Self-service Performance Engineering
As organizations evolve and transform into digital technology, some of the key focus areas is to be able to increase the velocity, efficiency, and productivity of engineering teams deploying new features at rapid pace with improved performance and reliability of the products. Expectations of the users are like never before. Software performance quality impacts the businesses in terms of customer loss/reduced revenue and organizations wants to stay on top of it. Degrading system performance and non-availability at an inconvenient time can cost millions in lost revenue.
Performance needs to be everybody’s focus and not just that of performance engineering team.
In a fast-paced agile environment, catching performance and reliability issues as they are introduced can be achieved by empowering the product engineering teams to own and execute continuous tests themselves.
Traditionally, product engineers have championed unit testing of functionality but performance has always been overlooked. With technology advancements in automation and readily available tools and accelerators, it’s about time that performance frameworks enable product engineers to execute tests early on in the software development lifecycle.
How do we empower product engineers to execute performance tests?
One way is, creating a self-service performance engineering framework that automates every step of performance evaluation such as writing scripts, execution, result analysis, pass or fail decision making, defect reporting and related notifications.
Product engineering teams should then be able to invoke this framework via a push button, or web chatbots using Slack or voice controlled assistants such as Amazon Echo/Alexa. Chatbots add fun color to it as well.
With technology advancements in automation and readily available tools and accelerators, it’s about time that performance frameworks enable product engineers to execute tests early on in the software development lifecycle
As an example, if a product engineer wants to evaluate the performance of a code change right away, he/she should be able to invoke the self-service framework via any of the above explained integrations. Once invoked, first the framework will use CI/CD tools such as Jenkins to deploy the latest build and execute the test suite. Second, the framework will pull performance metrics from various application performance management tools such as New Relic. Lastly, the framework will leverage a decision making engine to pass or fail the code change. Hence, providing a quick synopsis of the ‘change.’
How do we automate the performance test analysis and decision-making?
Performance tests and monitoring systems generate ton of metrics. Traditionally one of the most tiresome tasks is to consume all the metrics, correlate, and decide if there is degradation in performance. Now as part of self-service model you would want to automate that as well, that is, you automate the data collection, analysis and pass fail decision-making. In order to pursue that, the first and foremost step is knowing what data to look for in each component of your application and underline infrastructure, automating the key performance metrics collection from various sources, keep a history of all the metrics in a singular central repository and build insights that can compare the results from various builds and then intelligently decide pass-fail based on historical performance as well as set SLAs.

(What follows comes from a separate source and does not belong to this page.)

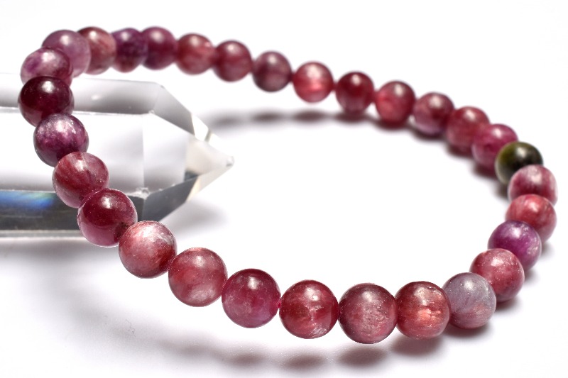 【1点物】雲母の輝き ピンクトルマリンインレピドライト 6mm ブレスレット _MC1677

You would also want to make the thresholds dynamic and adaptive and not static so that it can catch degradation even within the SLAs.
Build a tool/system that collects all the metrics from disparate monitoring sources like Load test tools, APM tools, infrastructure monitoring tools etc and acts as the central repository for all the metrics. It keeps the history of each & every test results. This platform knows the baseline performance of all the APIs and use that to quickly compare the results and intelligently deciding for failures.
Defect Management and Notifications
Now as soon as you determine the pass/fail decision for the test you would want to automatically identify the problematic area, be it service response times or reliability or capacity issues and notify the product engineering teams with the pointers about the reasons for the failure. The decision-making engine would know the which key performance indicator has violated and can create automated Jira defects with the details. It can also supplement the defect with the exact timelines of the test and monitoring dashboards permalinks that point to the code path or the component that degraded.
Reduce Time to Prepare and Execute Test
In a typical performance testing cycle, there are a variety of performance tests that teams execute in order to be 100 percent sure that they are not introducing a performance and scalability defect. These tests are usually long both from preparation and execution standpoint whereas in self-service model you need to rely upon short, crisp and specific tests that can quickly point out defects and speed up the overall feedback loop. Having confidence on such tests comes from a solid benchmarking process that generates baseline which can then be used for anomaly detection. Scaled-down load and spike tests are preferred and tests like endurance/volume should be avoided.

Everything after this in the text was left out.